Тот помахал мне рукой, открыл дверь той самой иномарки, и они уехали. Я ещё долго стоял, окаменевший, так до конца и, не разобравшись, что это такое было. Стоял я долго, но машина так же долго удалялась от меня, будто бы специально, углубляя и без того глубокую рану, которую моя девушка мне оставила. Я побежал за ней. Через несколько секунд я упал. Пока я вставал, я понял, что все мои попытки вернуть её – тщетны. Они, так же, как и я, падают на своем пути носом об асфальт. Спешить никогда не было полезно, а в этой ситуации даже спешить было некуда. Видимо я поспешил не только сейчас, но и тогда, на дискотеке, когда полюбил эту девушку. Ох уж эта спешка. Мы всегда куда-то торопимся, не понимая, что мы уже давно пришли туда, куда надо. Всё, что нужно для счастья, у нас под рукой. Конечно, то время, когда мы были вместе, было самым счастливым в моей жизни, но была ли счастлива она? Я видел, что когда она садилась в машину к тому парню, лицо её выглядило счастливее, чем тогда, когда я дарил ей цветы. Неужели она всё время притворялась? Иногда нужны маски для определённых людей. И даже я их иногда примеряю. В этом есть мой минус. Ведь эти маски ужасны, и люди этого не заслуживают. Но я не могу с этим ничего поделать. Истинный я вовсе не так ужасен, как моя тень в маске. Но была ли маска на моей девушке? И какое счастье было для неё настоящим, цветы, или дорогая иномарка?

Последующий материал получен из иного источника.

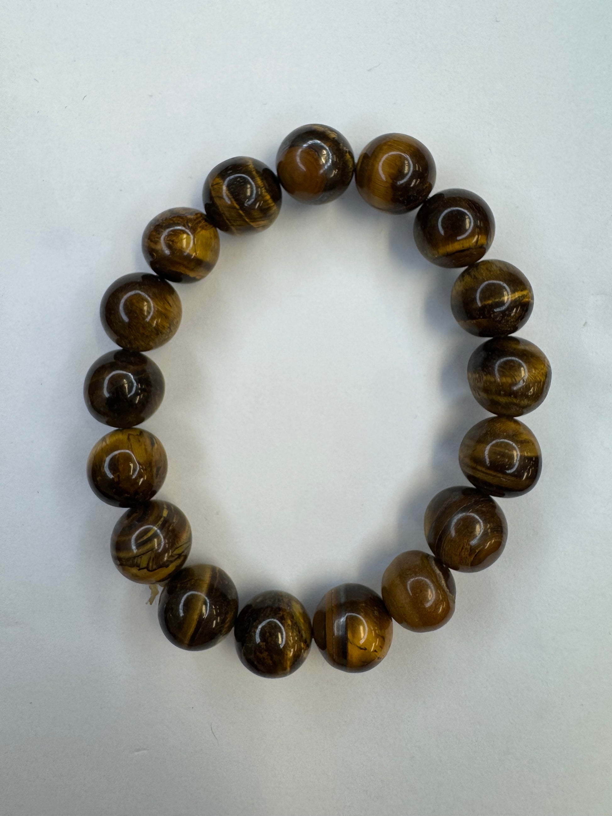 This striking bracelet features 12.5 mm round tiger eye beads in the classic golden-brown tones, strung on a durable stretch cord for a comfortable, flexible fit. The bracelet fits wrists up to 2.46 inches in diameter (approximately 7.7 inches / 19.5 cm), making it a bold and versatile accessory for everyday wear or a meaningful gift.

Каждый видит мир по-разному. И счастье тоже у всех разное. Часто на глаза попадаются люди, счастье которых сразу видно в чём. Это их одежда, средство передвижения и аксессуары. Хорошо бы, если помимо этого они видят счастье в семье, друзьях и т.д., но, как правило, это не всегда так. Здорово, когда ты себе ни в чем не отказываешь, но при этом некоторые вещи начинают пропадать. Их затмевают вещи, которые можно купить. Пропадает радость дождю, падающим листьям, солнцу. Всё это уходит в тень, если оно вообще когда нибудь было. Наверное, поэтому многие бедняки намного счастливее богачей, конечно, если эти бедняки не живут одной лишь завистью. Каждый видит мир по-разному. И счастье тоже у всех разное. Выбор за нами.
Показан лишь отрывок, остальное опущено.